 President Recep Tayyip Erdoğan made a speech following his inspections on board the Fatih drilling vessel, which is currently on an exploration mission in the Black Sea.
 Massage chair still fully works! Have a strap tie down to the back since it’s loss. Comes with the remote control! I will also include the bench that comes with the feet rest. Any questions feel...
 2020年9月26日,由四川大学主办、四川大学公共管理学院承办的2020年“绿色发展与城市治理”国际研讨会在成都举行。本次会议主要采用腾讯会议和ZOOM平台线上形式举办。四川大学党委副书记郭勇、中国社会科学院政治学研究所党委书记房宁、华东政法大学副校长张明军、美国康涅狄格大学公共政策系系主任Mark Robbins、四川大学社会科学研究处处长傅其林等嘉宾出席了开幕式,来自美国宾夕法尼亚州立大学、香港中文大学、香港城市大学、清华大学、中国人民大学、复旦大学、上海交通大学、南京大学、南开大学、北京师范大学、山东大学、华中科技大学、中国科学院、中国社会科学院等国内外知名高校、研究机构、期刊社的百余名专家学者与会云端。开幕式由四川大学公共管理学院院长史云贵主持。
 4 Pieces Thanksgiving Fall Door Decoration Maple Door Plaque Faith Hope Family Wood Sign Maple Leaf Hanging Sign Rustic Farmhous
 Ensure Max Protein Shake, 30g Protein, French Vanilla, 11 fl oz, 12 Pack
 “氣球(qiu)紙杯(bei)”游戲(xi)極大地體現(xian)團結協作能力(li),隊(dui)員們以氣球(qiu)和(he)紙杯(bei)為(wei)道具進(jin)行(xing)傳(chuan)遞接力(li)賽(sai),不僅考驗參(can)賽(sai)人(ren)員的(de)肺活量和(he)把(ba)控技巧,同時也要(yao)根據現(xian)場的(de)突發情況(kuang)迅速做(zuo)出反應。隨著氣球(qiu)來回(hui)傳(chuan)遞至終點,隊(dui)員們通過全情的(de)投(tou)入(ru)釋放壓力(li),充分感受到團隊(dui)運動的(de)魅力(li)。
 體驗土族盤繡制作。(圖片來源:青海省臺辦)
____
:: What is being asked ::
Nothing from before the line containing "4 Pieces Thanksgiving" should appear; copy that line and each one after it through the last line of the entries, exactly.

:: Answer section ::
 4 Pieces Thanksgiving Fall Door Decoration Maple Door Plaque Faith Hope Family Wood Sign Maple Leaf Hanging Sign Rustic Farmhous
 Ensure Max Protein Shake, 30g Protein, French Vanilla, 11 fl oz, 12 Pack
 “氣球(qiu)紙杯(bei)”游戲(xi)極大地體現(xian)團結協作能力(li),隊(dui)員們以氣球(qiu)和(he)紙杯(bei)為(wei)道具進(jin)行(xing)傳(chuan)遞接力(li)賽(sai),不僅考驗參(can)賽(sai)人(ren)員的(de)肺活量和(he)把(ba)控技巧,同時也要(yao)根據現(xian)場的(de)突發情況(kuang)迅速做(zuo)出反應。隨著氣球(qiu)來回(hui)傳(chuan)遞至終點,隊(dui)員們通過全情的(de)投(tou)入(ru)釋放壓力(li),充分感受到團隊(dui)運動的(de)魅力(li)。
 體驗土族盤繡制作。(圖片來源:青海省臺辦)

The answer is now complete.